Stop Words / Long Tail

tfidf_vectorizer = TfidfVectorizer(stop_words='english', max_df=0.85, min_df=2)

Fixed Vocabulary

You can fit a TfidfVectorizer on a set of documents to define the term mapping (vocabulary) and then use that same mapping for future documents without refitting. This is especially useful when you want to ensure the same feature representation is used for both your training and test datasets or any subsequent datasets.

1. Fit the TfidfVectorizer on the Initial Set of Documents

This will determine the vocabulary based on the provided documents.

from sklearn.feature_extraction.text import TfidfVectorizer

# Initial set of documents
initial_docs = ["This is a sample document.", "Another example document.", "Yet another example."]
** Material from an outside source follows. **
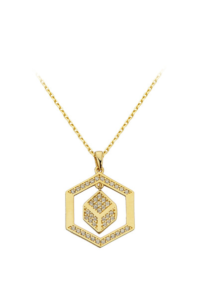 Altın Kare Sallantalı Kolye

# Initialize and fit the vectorizer
tfidf_vectorizer = TfidfVectorizer(stop_words='english')
tfidf_matrix_initial = tfidf_vectorizer.fit_transform(initial_docs)

2. Transform Future Documents Using the Same Vocabulary

After fitting on the initial set of documents, you can transform new/future documents using the transform method without refitting the vectorizer. The vocabulary remains fixed, and any new terms in the future documents that are not in the initial vocabulary will be ignored.

# Future set of documents
future_docs = ["This is a new document.", "Some other sample text.", "A completely different example."]

# Transform future documents using the existing vocabulary
tfidf_matrix_future = tfidf_vectorizer.transform(future_docs)

Any new terms in the future documents that are not present in the initial vocabulary will simply be ignored during the transformation.